Home The Company News The Stockyards Shopping Center - An example of synergy

The Stockyards Shopping Center - An example of synergy

The northwest corner of St. Clair Avenue West and Weston Road in Toronto is about to get a 600,000 square foot big box retail centre called The Stockyards. The site is a part of a large redevelopment project that consists of the construction of multiple commercial retail units in two levels and a three-storey parking garage. The site had been historically used to raise livestock, process meat and related products after being used as landfill from 1920 to 1950.

The geotechnical investigations required ground improvement due to poor soil conditions and the loading configuration. As an alternative to costly large scale excavation and replacement, Geopac, which is a subsidiary of the Soletanche Freyssinet Group (similar to RECo), proposed a value-engineering solution utilizing Dynamic Compaction (DC), Rapid Impact Compaction (RIC), and Controlled Modulus Columns (CMC), to improve the upper 6-15 meters of fill materials on this challenging project.

The site grading plan required retaining walls to retain the backfill and support the footings of commercial buildings and the parking structure along Weston Road, Gunns Road as well as the north entrance ramp. The project consultant proposed mechanically stabilized earth (MSE) walls to a maximum height of about 9 meters. Reinforced Earth Company Ltd. (RECo) was awarded the project that included the design and supply of a 2300m2 vertical facing Reinforced Earth (RE) retaining wall with precast TerraClass panels and high adherence steel strip soil reinforcements. The ground improvement work was designed and carried out by Geopac. This affiliation provides clients with innovative and cost-effective solutions that are offered within one group.
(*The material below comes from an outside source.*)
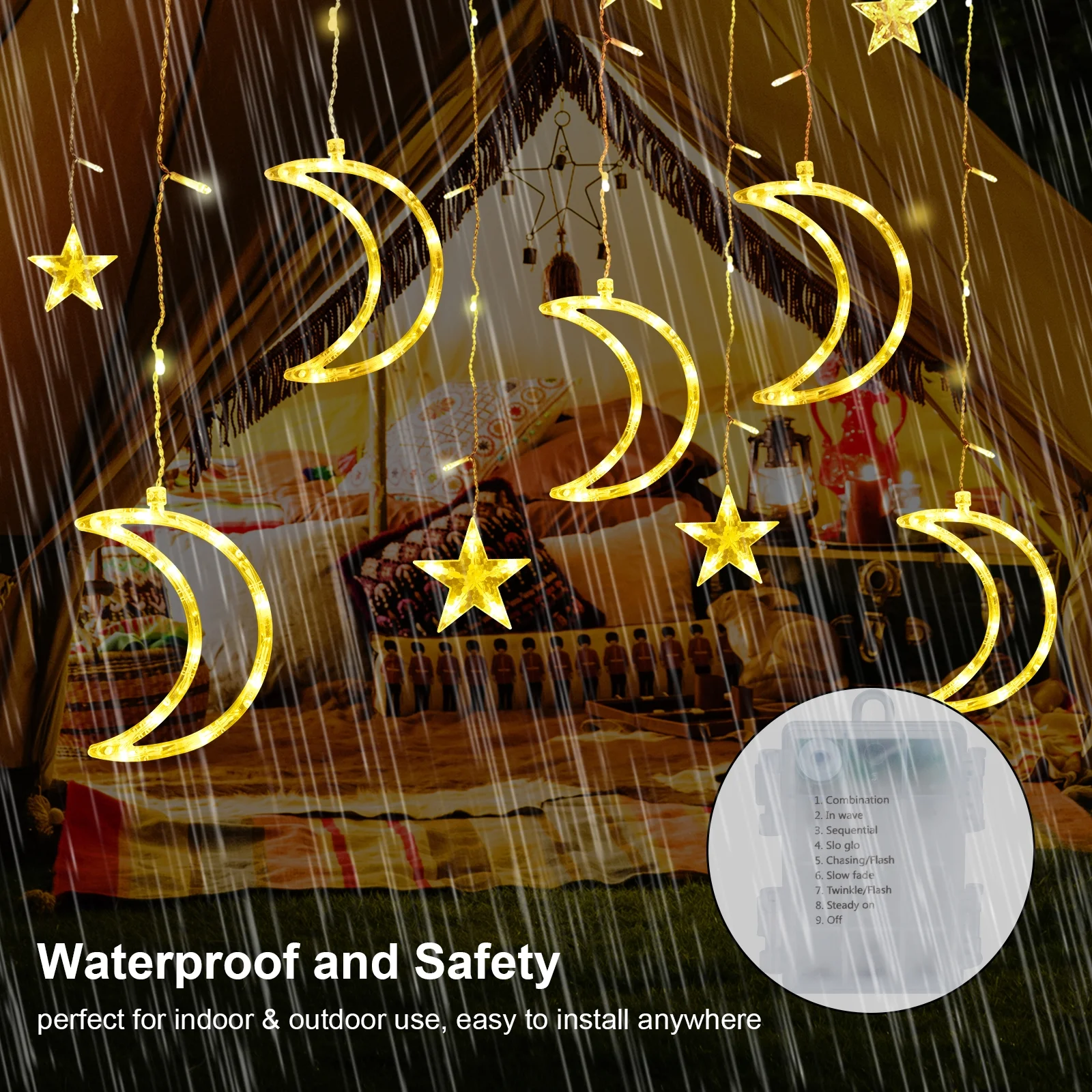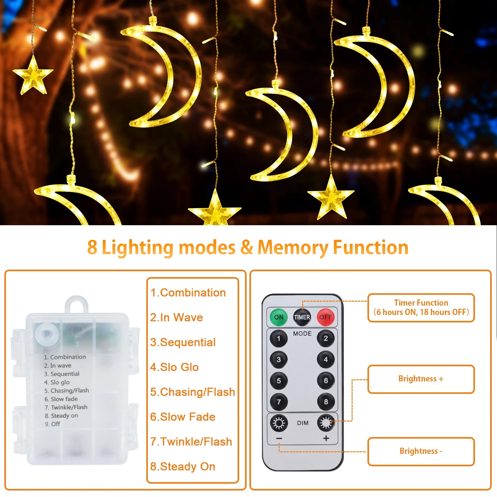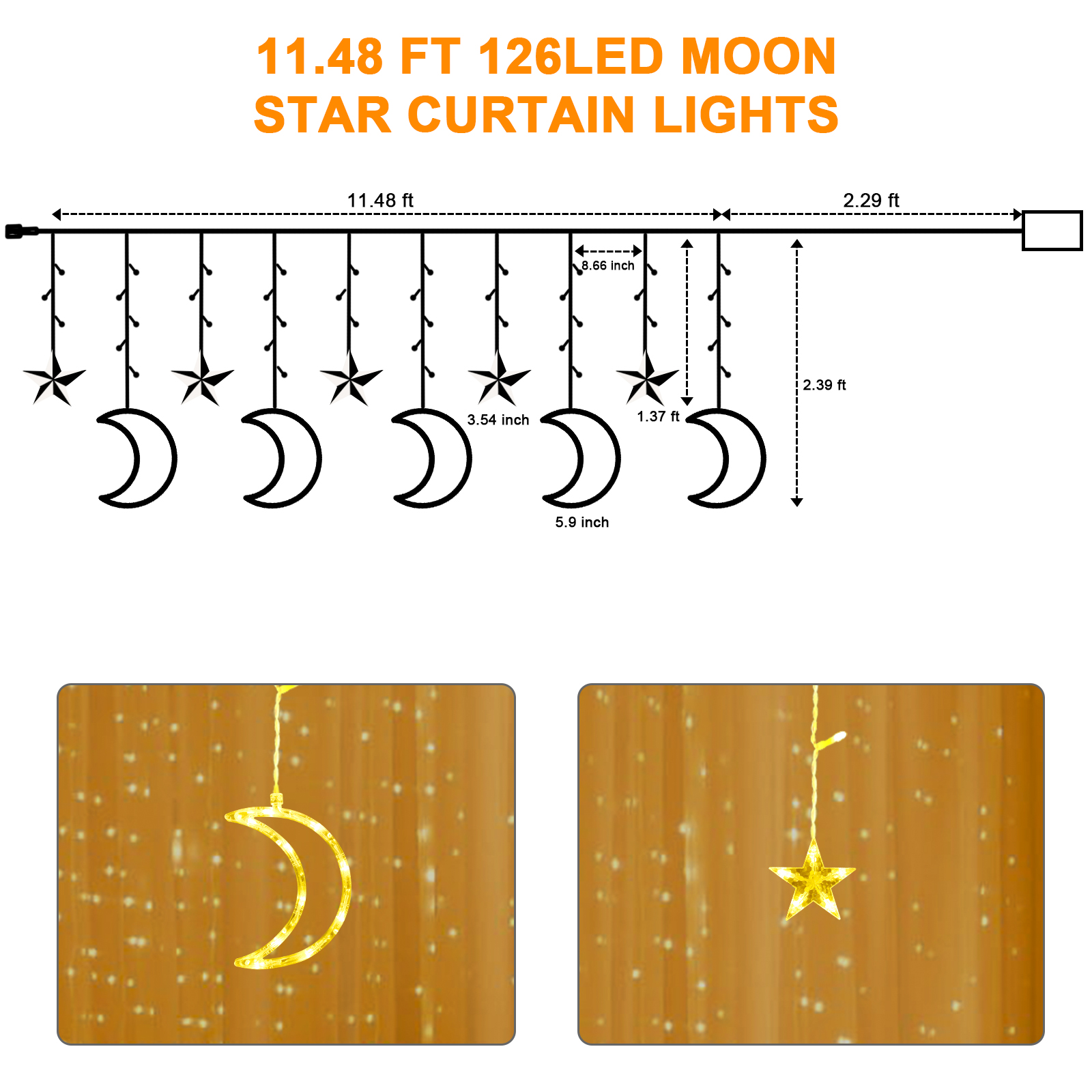 & Free Shipping120 LED Curtain Lights, Fairy light curtain Moon Star Window Fairy String Lights, Star and moon lights string Hanging Lights with Remote for Bedroom Backdrop Wedding Party Garden Indoor Decoration. Star and moon shape curtain lights are an alternative to small fairy lights. They are perfect Christmas lights to have at home because of the no heat, no radiation, low consumption and high safety nature that adds stunning visuals to the home indoors and outdoors. Great for windows, pergolas, bed frames, and anywhere you want a so-called “wall” of lights to will provide a powerful, widespread lighting. It will brings immense look to home indoors and joy in children while assembling LED lights on Christmas trees, staircase, doors, and windows. 126 led lights (6 big moons and 6 small stars) warm light

In the north and northeast of the site, with a commercial retail unit only one and a half meters behind the wall, Geopac and RECo planned to utilize CMC’s to support the retaining wall and use a preload of 30 kPa after wall construction to induce the initial settlements before the building is constructed.  The wall in this section is 7 m high and the CMC’s are to a maximum depth of 9 meters. Sharing the same parent company played a big role in securing this project and this project is the first of many synergy projects between RECo and Geopac across Canada.

The subsurface investigation indicates a heterogeneous fill at the site and further investigation identified a thick layer of soft to firm silty clay fill right underneath the northeast retaining wall. Spacing, diameter and depth of the inclusions were defined to respect a maximum settlement of 25 mm.

The approach in the design of load bearing MSE walls is developed from an extensive research in modeling, testing, field instrumentation, and the verification of material behavior versus design theory, uniform analytical design procedures based on finite element analysis. This method is confirmed and supported by measurements from earlier structures which allows the design of load-supporting RE in the project and enables analysis of external loads from superstructure footings.

Prime considerations in the design of this type of load bearing walls are the bearing capacity, the load distribution, and tolerance to settlement and horizontal deflections. The flexibility of the facing enables the RE wall to better withstand movements in the vertical, horizontal and longitudinal directions. Accordingly this type of wall is suitable to withstand the internal settlement and foundation movements due the preloading suggested in this section of the wall.

The arching effects from the CMC may cause differential settlement and add stresses to the lower strips at the base of the RE wall. In order to mitigate the additional stress, a load transfer platform (LTP) was considered. The LTP distributes the CMC axial loads to soil reinforcements and eliminates the local stress on the first layer of steel strips. The LTP consists of a compacted granular fill with 100% compaction and about 1 meter thickness that is placed between the top of CMCs and the first layer of soil reinforcement.

A monitoring system was implemented to regularly observe the movements of MSE wall after wall construction and during different stages of loading. In order to do that, reflective targets were placed on the facing panels in defined intervals. Targets were monitored for a total duration of 6 months prior to the building construction. According to the monitoring results, the settlement of the wall was in the range of 15 to 20 mm under the surcharge. Horizontal displacement readings also showed a fairly uniform movement of the wall face, approximately 22 mm without any tilting. Monitoring readings are consistently lower than the range calculated in finite element analysis. Based on the results of post-construction monitoring, it was concluded that no significant wall movement has occurred.